Scleroderma is an autoimmune disease in which the immune system—normally responsible for defending the body against infections—mistakenly attacks healthy tissues, causing abnormal collagen buildup. This excess collagen leads to skin thickening and, in some cases, fibrosis of internal organs such as the lungs, heart, kidneys, and gastrointestinal tract.
The disease presents in two main forms:
Localized scleroderma: affects only the skin and nearby tissues such as muscles and joints. It may appear as:
Morphea (hardened patches)
Linear scleroderma (bands of hardened skin, often on limbs)
Systemic scleroderma: affects both the skin and internal organs and is more severe. It includes:
Limited form (CREST syndrome): slower progression, affecting limited areas of the skin, with potential lung complications
Diffuse form: faster progression, extensive skin involvement, and higher risk of internal organ damage
What Are the Symptoms of Scleroderma?
Symptoms vary depending on the type of the disease and the organs affected. Common signs include:
Thickening and hardening of the skin, especially on the hands, face, and forearms
Raynaud’s phenomenon: fingers and toes turn white, blue, and red in response to cold or stress due to circulation changes
Joint stiffness and muscle pain
Difficulty swallowing (dysphagia) and acid reflux
Swelling of the hands and fingers
Sores or ulcers on fingertips
Excessive fatigue
Pulmonary fibrosis, which can cause shortness of breath and chronic cough
Heart and kidney complications in severe cases
The disease’s progression and severity vary widely: some people experience only mild skin symptoms, while others may have serious systemic involvement.
What Causes Scleroderma?
The exact cause of scleroderma is not fully understood, but it involves a dysregulated autoimmune response leading to excessive collagen production and fibrotic tissue buildup.
Possible contributing factors include:
Genetic predisposition
Environmental triggers such as exposure to silica, organic solvents, or certain medications (rare)

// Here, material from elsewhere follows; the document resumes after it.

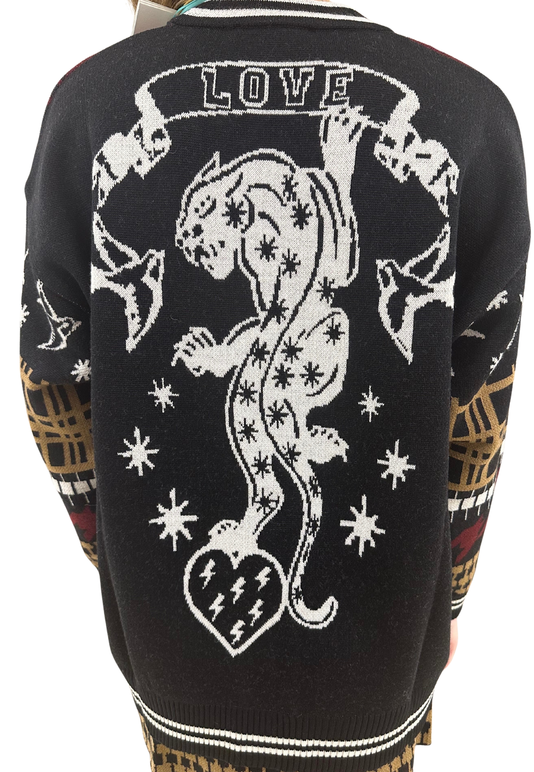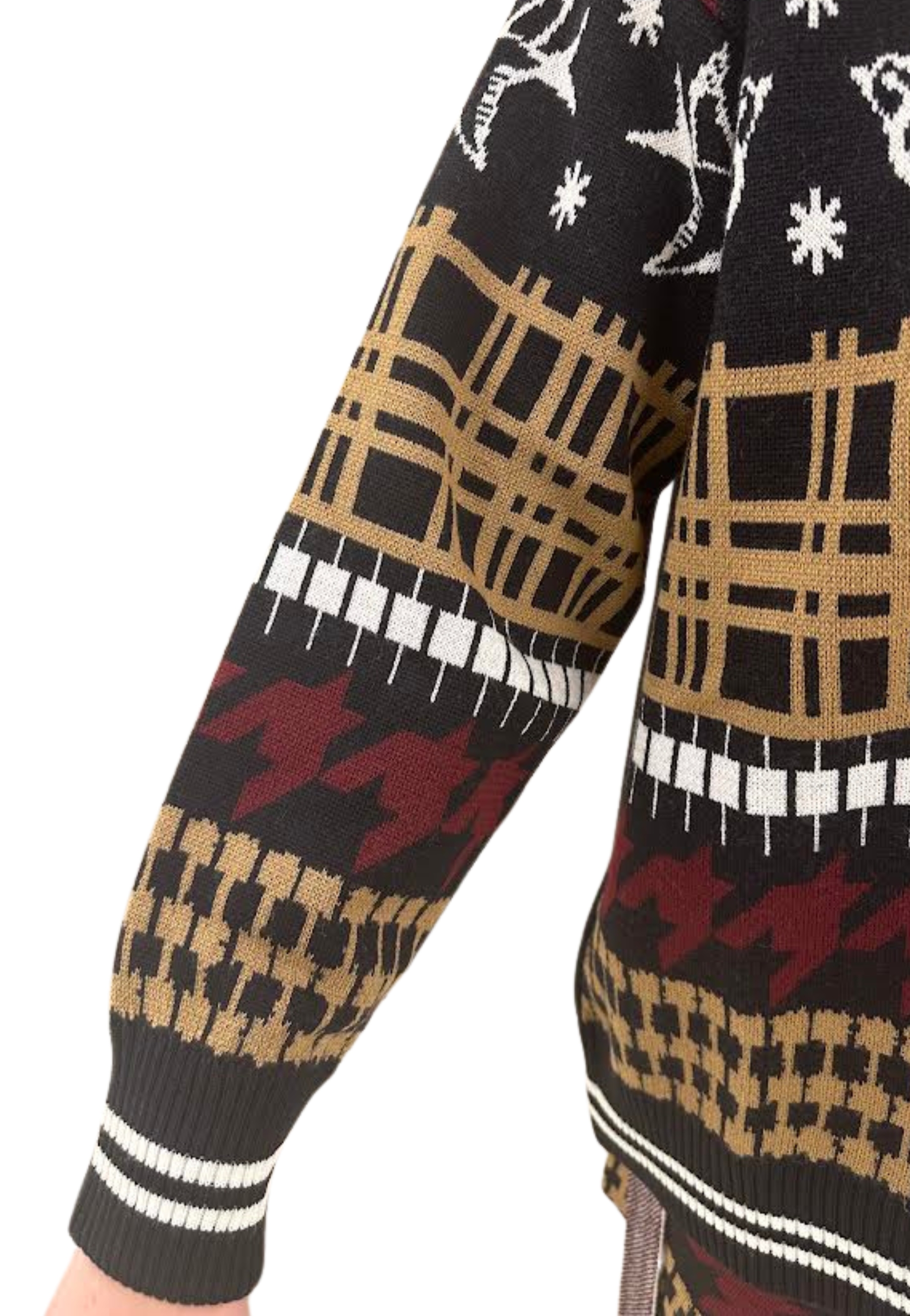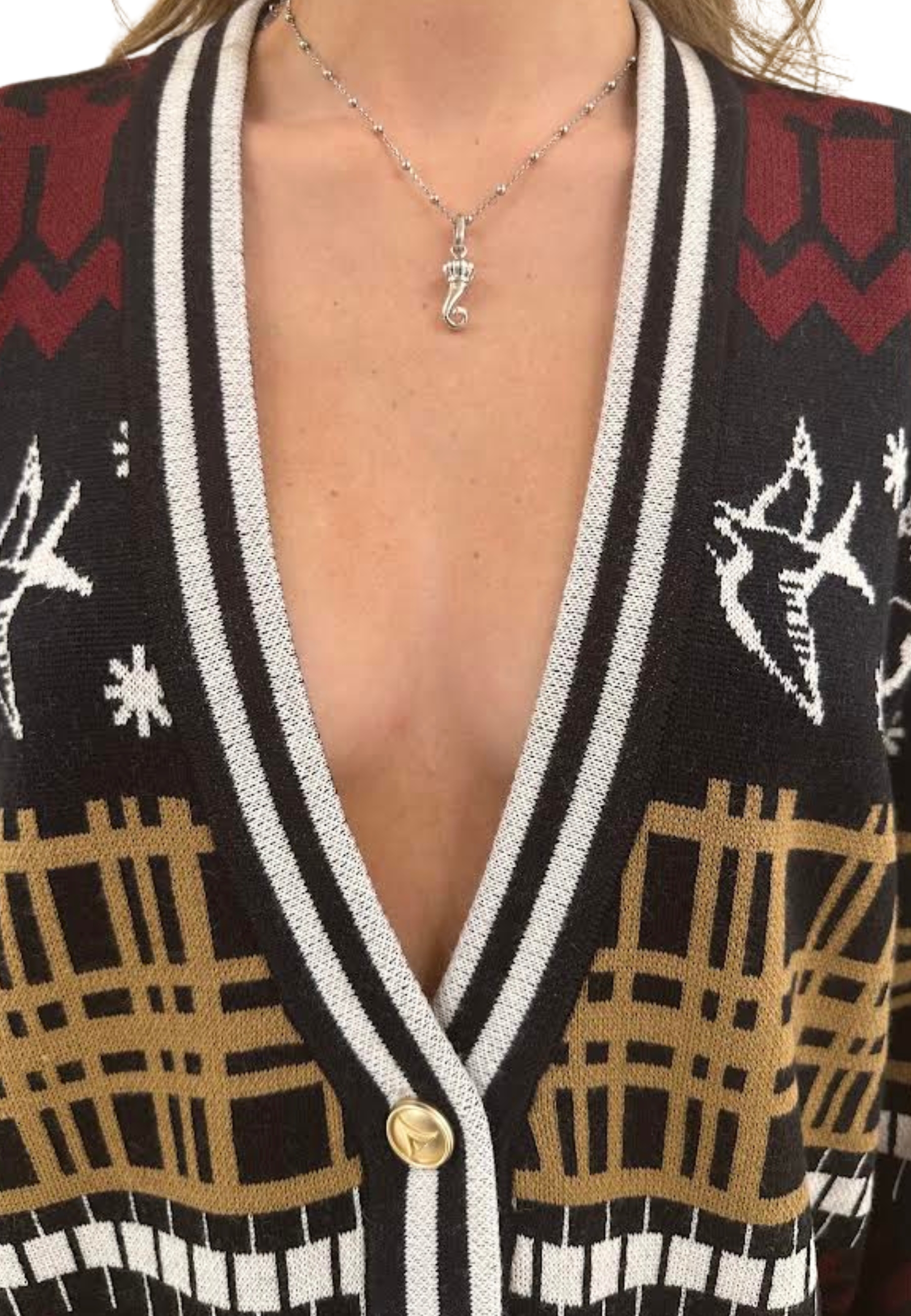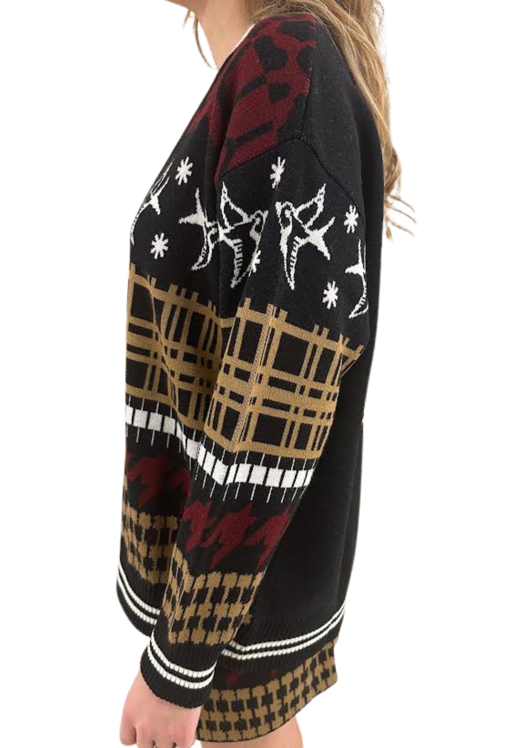 Cardigan in fantasia in lana color nero,beije,bianco e bordeaux con bottoni con asola oro.

Hormonal and immune system imbalances
Scleroderma is not contagious and not directly hereditary, though first-degree relatives of people with autoimmune diseases may have a slightly increased risk.
How Is Scleroderma Diagnosed?
Diagnosis is clinical, based on a thorough medical assessment of symptoms, but it can be supported by laboratory and imaging tests:
Blood tests: to detect autoantibodies (ANA – antinuclear antibodies, anticentromere antibodies, anti-Scl-70)

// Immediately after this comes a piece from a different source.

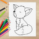 Cute little fox with big ears and bushy tail is yawning sleepily. Suited for colouring.
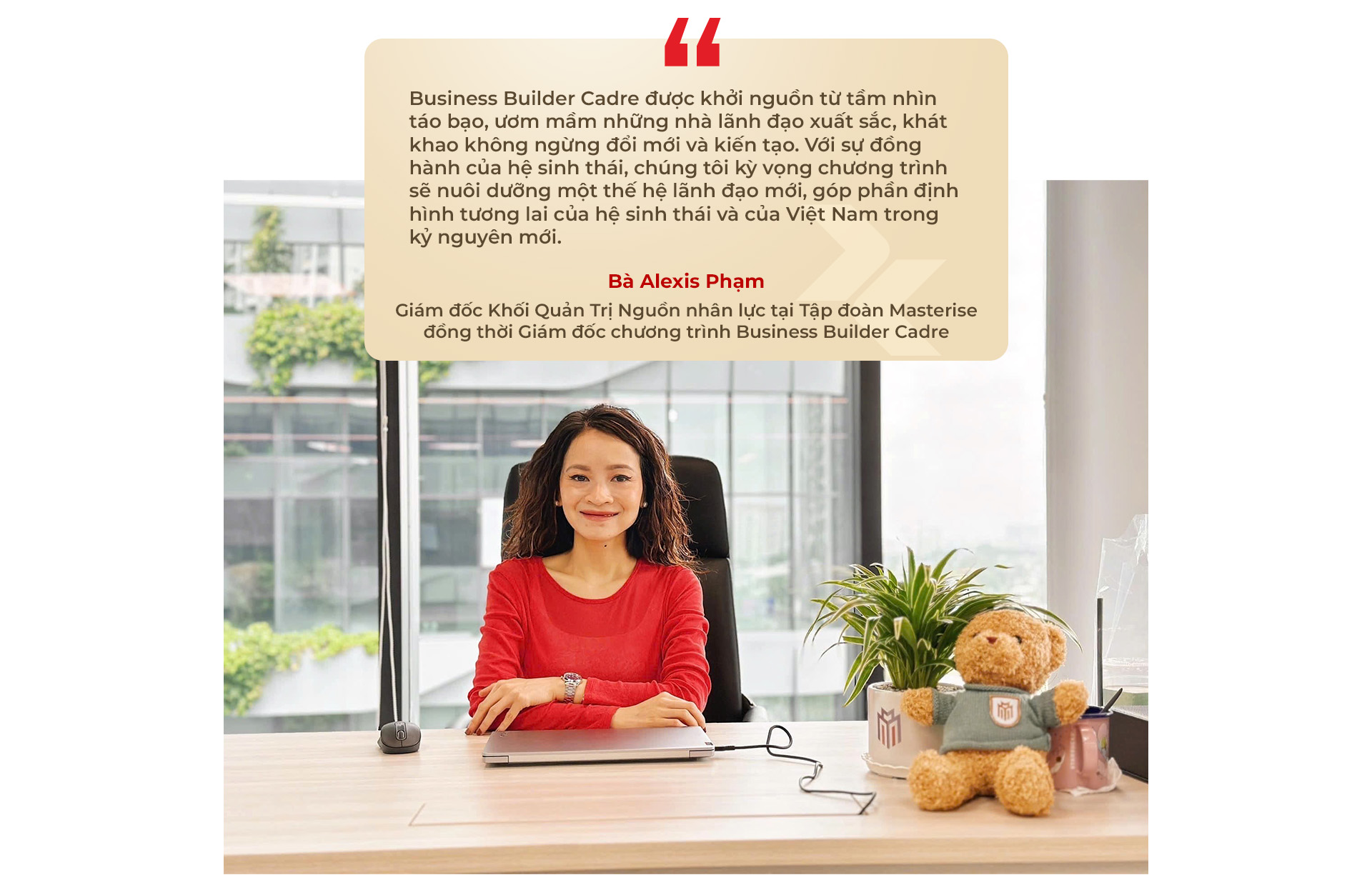 Bà Alexis Phạm, CHRO, Tập đoàn Masterise, đồng thời là giám đốc chương trình, chia sẻ: "Business Builder Cadre được khởi nguồn từ tầm nhìn táo bạo, ươm mầm những nhà lãnh đạo xuất sắc, khát khao không ngừng đổi mới và kiến tạo. Với sự đồng hành của hệ sinh thái, chúng tôi kỳ vọng chương trình sẽ nuôi dưỡng một thế hệ lãnh đạo mới, góp phần định hình tương lai của hệ sinh thái và của Việt Nam trong kỷ nguyên mới."

Nailfold capillaroscopy: examines the circulation in the small vessels near the fingernails, useful in patients with Raynaud’s phenomenon
Imaging tests: such as chest CT scans, echocardiograms, and gastrointestinal studies to assess internal organ involvement
Skin biopsy: in some cases, to confirm the diagnosis
Is There a Treatment for Scleroderma?
There is no definitive cure for scleroderma yet, but there are effective treatments to control symptoms, slow disease progression, and improve quality of life.
Treatment depends on the severity and type of scleroderma and may include:
Immunosuppressants (e.g., methotrexate, mycophenolate, cyclophosphamide) to control autoimmune activity
Corticosteroids, used cautiously in selected cases
Vasodilators, for Raynaud’s phenomenon and vascular complications
Proton pump inhibitors, for reflux and esophageal problems
Antifibrotic agents, in cases of pulmonary fibrosis
Physical therapy and exercises, to maintain mobility and prevent contractures
Multidisciplinary care, involving a rheumatologist, dermatologist, pulmonologist, gastroenterologist, and physical therapist
In more severe cases, hematopoietic stem cell transplantation is being studied and has shown promising results in specialized centers.
Final Considerations
Scleroderma is a complex condition that can affect everything from the skin to internal organs. Early diagnosis and care from a specialized medical team are crucial to minimizing risks, controlling symptoms, and preserving quality of life.
If you experience skin hardening, Raynaud’s phenomenon, or other suspicious symptoms, consult a rheumatologist. Accurate information and appropriate treatment make all the difference in managing this disease.